ECLI:NL:GHAMS:2019:4965

Gerechtshof Amsterdam

Datum uitspraak
23 april 2019
Publicatiedatum
6 april 2020
Zaaknummer
23-002116-18
Instantie
Gerechtshof Amsterdam
Type
Uitspraak
Rechtsgebied
Strafrecht
Procedures
  • Hoger beroep
Vindplaatsen
  • Rechtspraak.nl
AI samenvatting door LexboostAutomatisch gegenereerd

Hoger beroep inzake poging tot inbraak met flippermethode

In deze zaak heeft het Gerechtshof Amsterdam op 23 april 2019 uitspraak gedaan in hoger beroep tegen een vonnis van de rechtbank Amsterdam van 12 juni 2018. De verdachte, geboren in 1980, was beschuldigd van poging tot inbraak in vereniging, waarbij gebruik werd gemaakt van de flippermethode. De tenlastelegging betrof een incident op 17 november 2016 te Amsterdam, waar de verdachte samen met een ander probeerde in te breken in boxruimten. Het hof heeft vastgesteld dat de verdachte zich de toegang tot deze boxruimten heeft verschaft door middel van braak. De rechtbank had de verdachte eerder veroordeeld tot een onvoorwaardelijke gevangenisstraf van drie maanden, maar het hof heeft dit vonnis vernietigd. Het hof oordeelde dat, hoewel de verdachte schuldig was aan de poging tot inbraak, de oplegging van een onvoorwaardelijke gevangenisstraf niet opportuun was.
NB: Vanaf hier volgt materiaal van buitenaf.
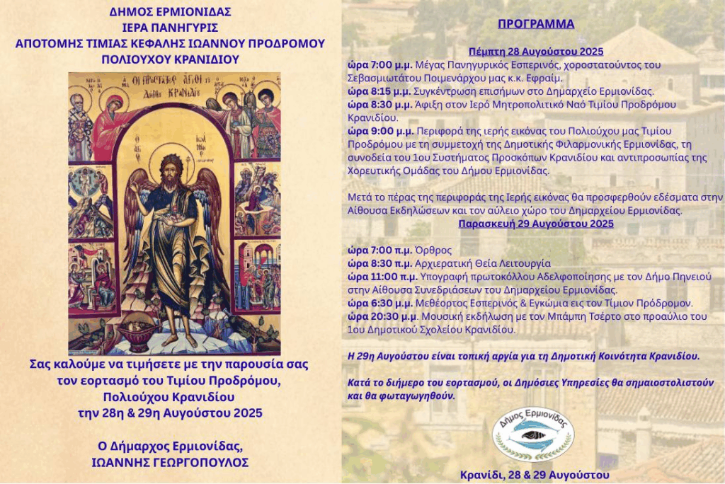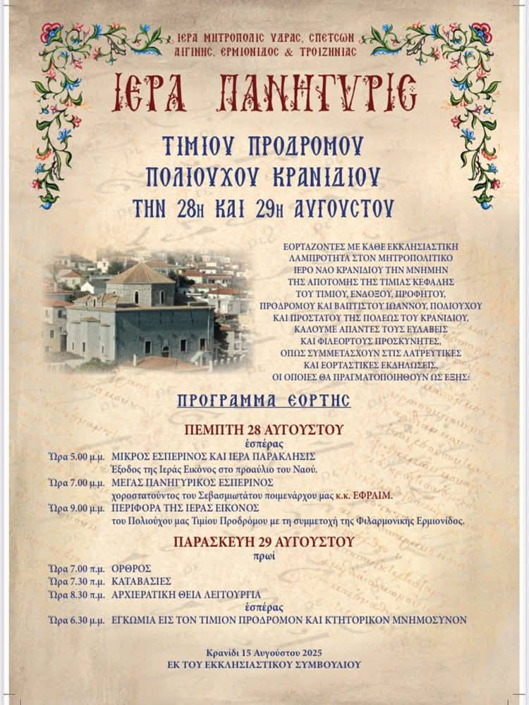 Από σήμερα το απόγευμα ξεκινούν οι εορτασμοί για να τιμηθεί , ο Μητροπολιτικός Ναός Κρανιδίου,ο ιερός Ναός του Τιμίου Πρόδρομου στο Κρανίδι ,ο πολιούχος της πόλεως του Κρανιδίου.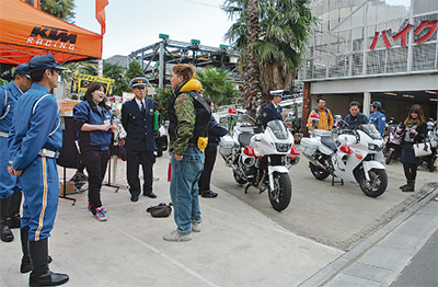 白バイ展示で賑わう

In plaats daarvan werd een forse werkstraf van 90 uren en een voorwaardelijke gevangenisstraf van 2 jaren opgelegd. Het hof hield rekening met de omstandigheden van de verdachte, waaronder zijn pogingen om zijn leven op orde te krijgen na de aanhouding en zijn eerdere veroordelingen voor vermogensdelicten. Het hof concludeerde dat de verdachte blijk gaf van inzicht in de ernst van zijn daad en dat hij sinds de aanhouding geen nieuwe vermogensmisdrijven had gepleegd.

Uitspraak

afdeling strafrecht
parketnummer: 23-002116-18
datum uitspraak: 23 april 2019
TEGENSPRAAK
Verkort arrest van het gerechtshof Amsterdam gewezen op het hoger beroep, ingesteld tegen het vonnis van de rechtbank Amsterdam van 12 juni 2018 in de strafzaak onder parketnummer 13-689398-16 tegen
[verdachte],
geboren te [geboorteplaats] op [geboortedag] 1980,
adres: [adres 1].

Onderzoek van de zaak

Dit arrest is gewezen naar aanleiding van het onderzoek ter terechtzitting in hoger beroep van
9 april 2019 en, overeenkomstig het bepaalde bij artikel 422, tweede lid, van het Wetboek van Strafvordering, naar aanleiding van het onderzoek ter terechtzitting in eerste aanleg.
Namens de verdachte is hoger beroep ingesteld tegen voormeld vonnis.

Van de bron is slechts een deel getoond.